Reproduce the listing below from the line with "Sorprende el hecho" to the line with "Фатин с блёстками, 15", both lines included, character for character, minus any pictures.

• **Data for review**
§ §

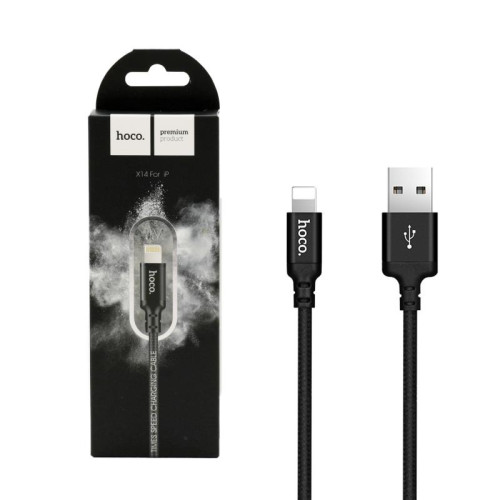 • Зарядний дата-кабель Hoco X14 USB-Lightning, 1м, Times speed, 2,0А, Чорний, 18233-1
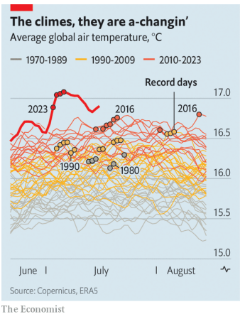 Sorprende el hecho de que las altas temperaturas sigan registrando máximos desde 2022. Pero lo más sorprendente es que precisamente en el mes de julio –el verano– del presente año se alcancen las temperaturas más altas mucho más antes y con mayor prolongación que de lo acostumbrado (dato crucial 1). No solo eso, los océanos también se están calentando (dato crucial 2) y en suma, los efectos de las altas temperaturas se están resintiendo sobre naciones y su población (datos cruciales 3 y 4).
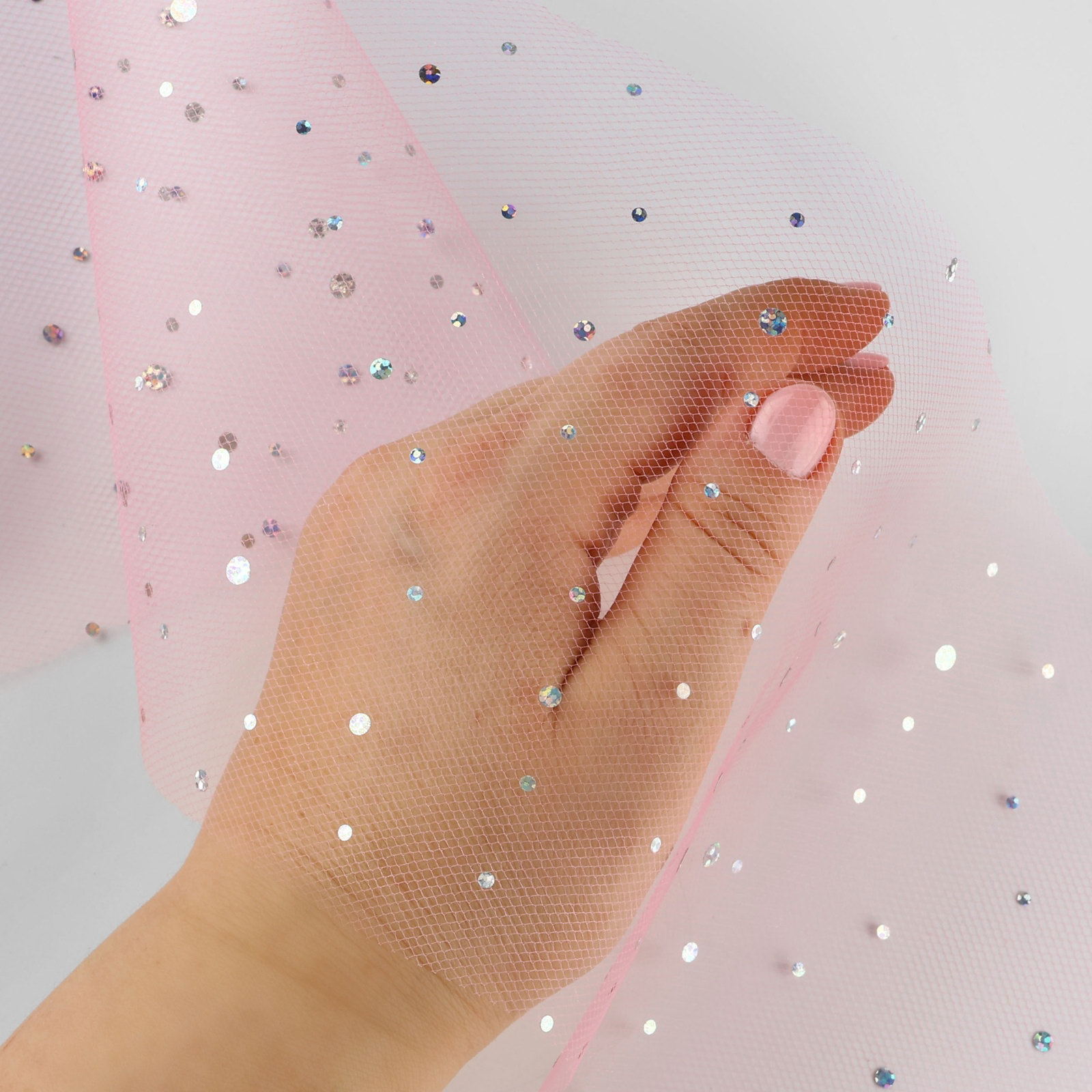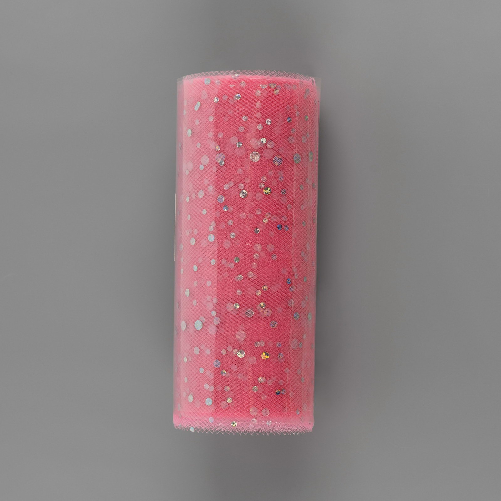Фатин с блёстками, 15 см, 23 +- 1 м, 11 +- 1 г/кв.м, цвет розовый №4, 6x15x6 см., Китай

§ §

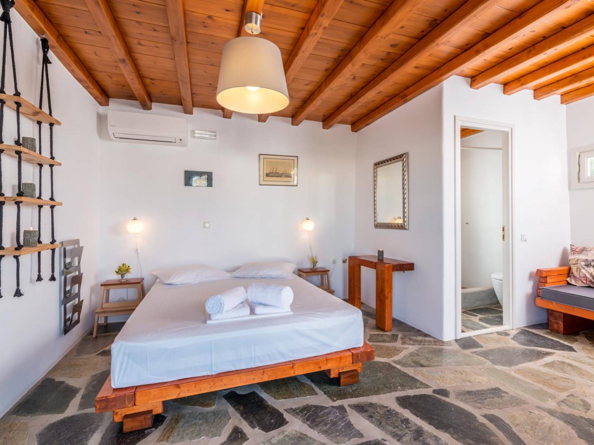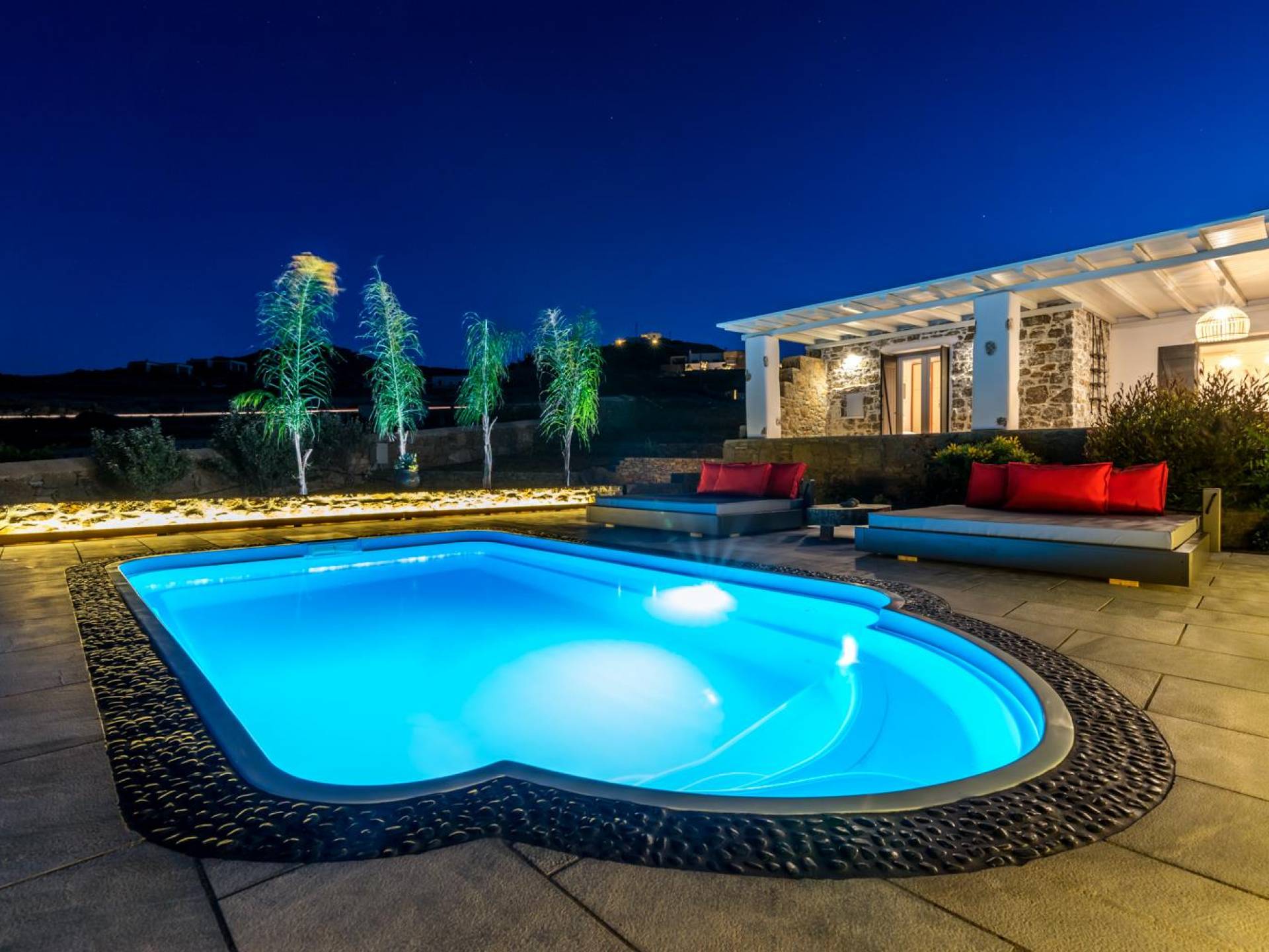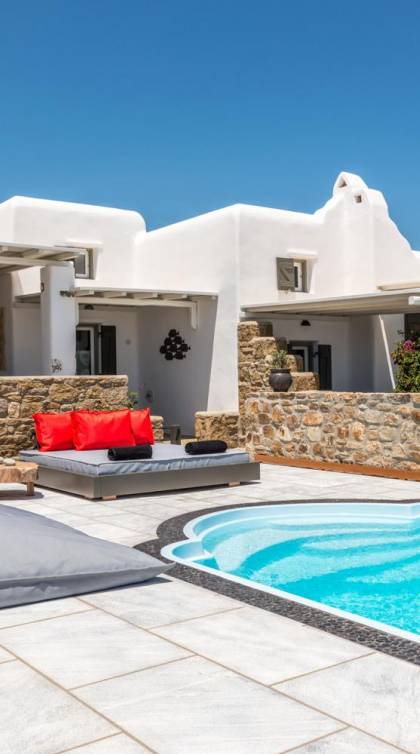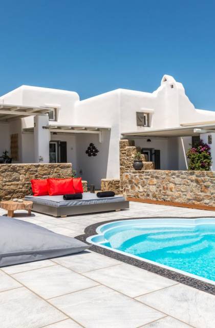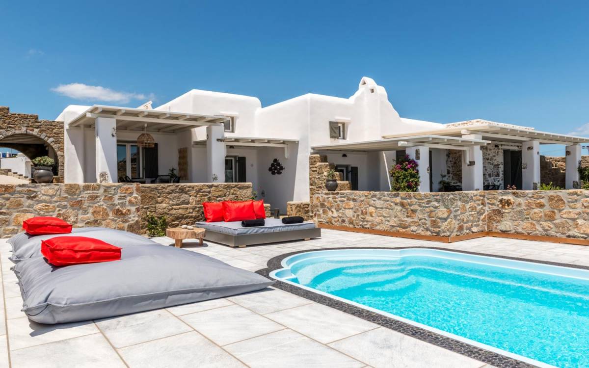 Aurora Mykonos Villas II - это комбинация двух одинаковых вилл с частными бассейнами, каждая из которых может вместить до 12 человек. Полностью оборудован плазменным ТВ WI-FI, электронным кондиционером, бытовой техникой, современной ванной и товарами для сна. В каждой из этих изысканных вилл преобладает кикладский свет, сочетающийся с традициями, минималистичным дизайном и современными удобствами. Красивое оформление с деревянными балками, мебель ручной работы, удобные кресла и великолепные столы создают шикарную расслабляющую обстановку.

§ §

• **Answer space**
 Sorprende el hecho de que las altas temperaturas sigan registrando máximos desde 2022. Pero lo más sorprendente es que precisamente en el mes de julio –el verano– del presente año se alcancen las temperaturas más altas mucho más antes y con mayor prolongación que de lo acostumbrado (dato crucial 1). No solo eso, los océanos también se están calentando (dato crucial 2) y en suma, los efectos de las altas temperaturas se están resintiendo sobre naciones y su población (datos cruciales 3 y 4).
Фатин с блёстками, 15 см, 23 +- 1 м, 11 +- 1 г/кв.м, цвет розовый №4, 6x15x6 см., Китай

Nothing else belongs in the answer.